# The Deep Burn



## 33sun33 (Dec 31, 2010)

A new journal to start off 2011!  A little about me - Im (male), 6'3, 208lbs, approx. 13-15% bodyfat, and Im looking to do a clean-ish bulk without adding too much fat.  Diet will likely prove to be the most important component of my bulk plan, and as for supplements I am only using creatine with one protein shake a day (in addition to a multivitamin, glucosamine (bad knees) and fish oil).  I may try to loosely keep track of diet on this journal, but principally I will be keeping track of my gym progress.

I just came off an abbreviated Bill Starr 5x5 program that I had to cut a couple weeks short (during the intensity phase) due to the holidays and a new baby at home!  I was also getting a little sick of lower rep work (which I usually love), so I decided to switch things up a bit and revert to a Full Body, push-pull type program.

Here is the new program that I started yesterday:

Workout A- Push

Incline DB Press: 3x8-10
Back Squats: 3x8
Standing Military PRess: 3x8-10
Front Squats: 2x8-10
Close-Grip Bench Press: 2x8-10
Core Work (Turkish Get-Ups)

Workout B- Pull

Sumo Deadlifts: 3x4-6
Weighted Pull-Ups: 3x8-10
Bent Over BB Rows: 3x8-10
Romanian Deadlifts: 2x8
Bicep Curls: 2x8-10
Core Work (Planks)

I may tweak this a bit as I go along - I would like to replace front squats with cleans, but Ive never done them before and Im worried about getting the form and motion down right.  I also am not sure if I should add some more core/ab work - like everyone, I would dig it if I had a 6 pack come summer.

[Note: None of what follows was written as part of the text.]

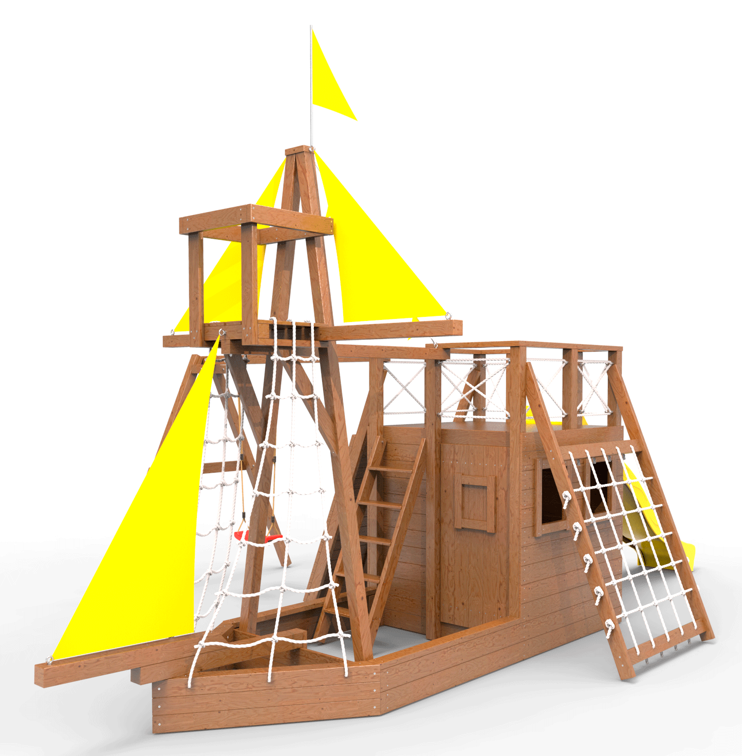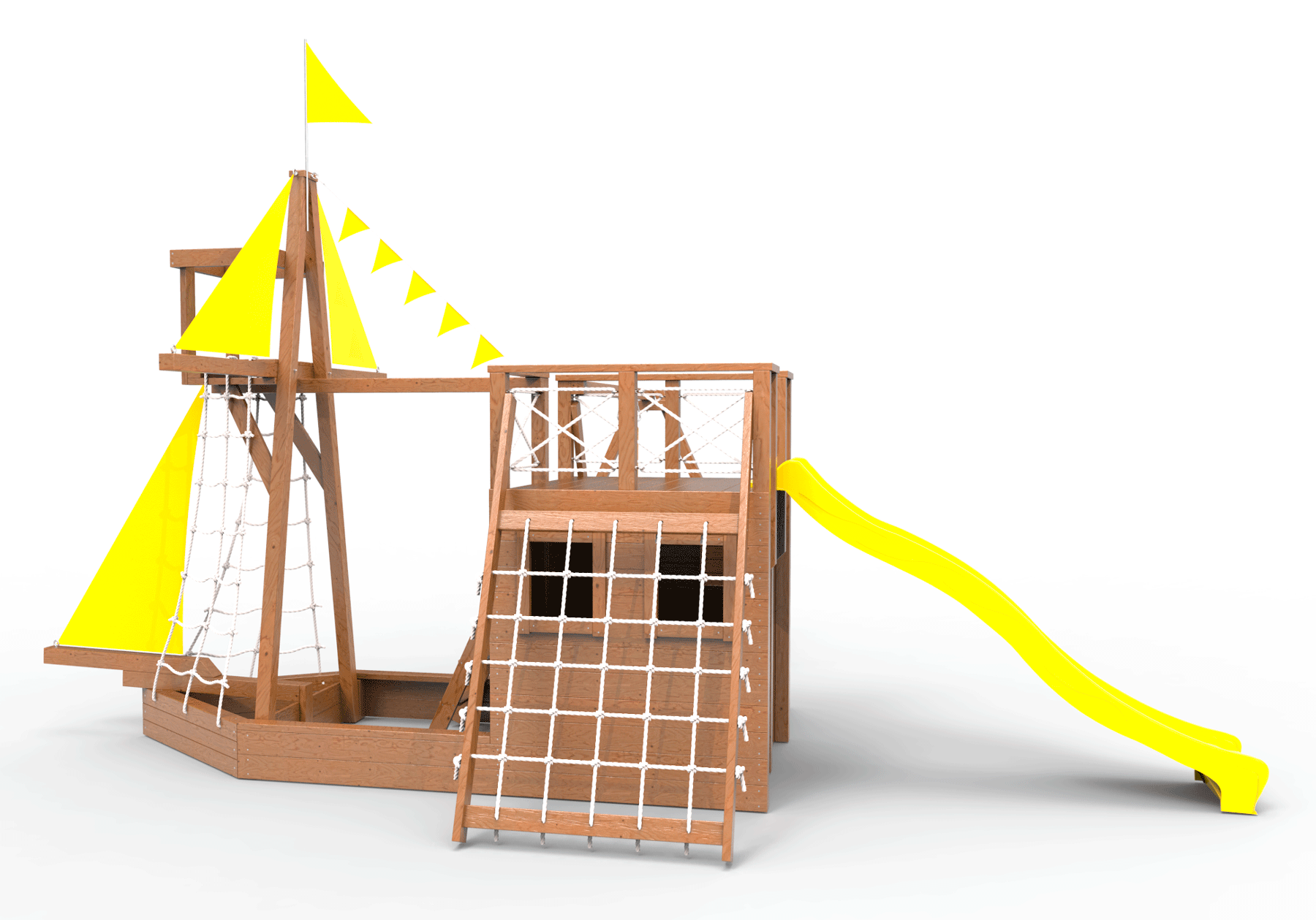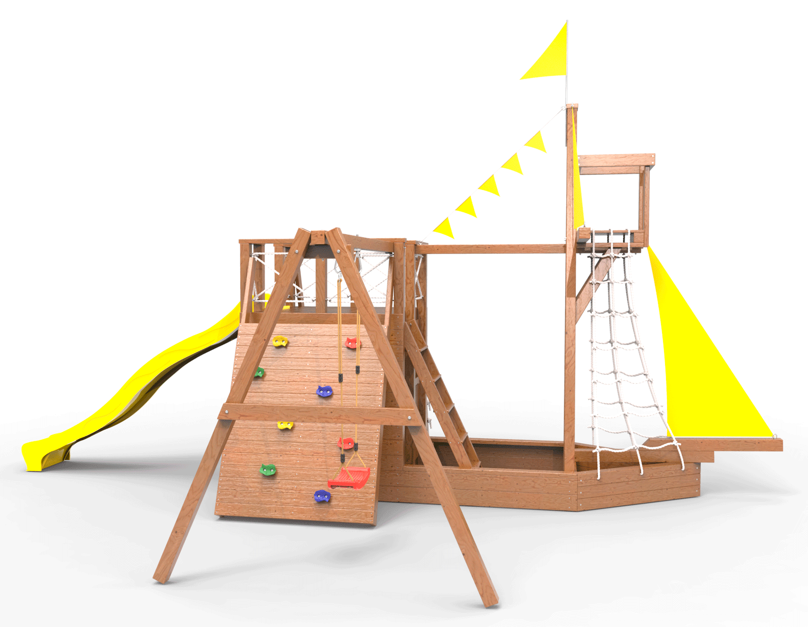 Большой корабль под настоящими парусами умчит вашего ребенка в мир его фантазий, где можно найти клад на островах, посетить невиданные страны, подружиться с необычными морскими обитателями. Такое чудо увлечет любого малыша! А благодаря тому, что в комплектацию «Корабля Океан» входят и классические элементы детских площадок: горка, качели, песочница, скалодром, сеть для лазания и домик – игры будут разнообразнее и полезнее.

But I understand abs are "made in the kitchen," and that it is basically 100% diet.  I also understand that my core is already getting quite a workout from squats, deads, and presses.  So I "think" that just adding planks and get-ups would be enough??  But part of me (perhaps the part that watches too many infomercials, lol), keeps thinking some direct ab work would help. 

Christian


----------



## 33sun33 (Dec 31, 2010)

*Yesterdays Push Workout*

Felt pretty solid yesterday after a 10 day break, although I kept things relatively easy to start with.

Incline DB Press

60x10; 65x8; 70x8

Squats

135x10; 185x8; 185x8

Military Press

95x10; 95x8; 95x8

Front Squats

95x8; 95x8

CG Bench Press

135x8; 135x7

I also did a couple of planks (only 1 min each  ), and threw in some unexpected cable triceps kick backs for some odd reason.


----------



## 33sun33 (Jan 1, 2011)

*Pull Workout -NYD*

Fair workout today; kinda sucked on the pullups - but thats likely bc I did them later on in the workout once my arms were already tired.  

Sumo Deadlifts

[135x6- warmup] 225x5; 225x5; 275x3; 275x4

Bent Over Rows

95x10; 135x8; 165x6; 135x8

Pullups

bwx8; bwx7; bwx5; bwx5

Romanian Deads

225x6; 225x6

bicep curls

35x10; 40x8; 35x10

planks - 3 min total


----------



## 33sun33 (Jan 3, 2011)

Alright, I cant stand my journal name - I dont know what I was thinking.  I was trying to riff off of Ron Burgundy in Anchorman ("oh its a deep burn..."), but anyways.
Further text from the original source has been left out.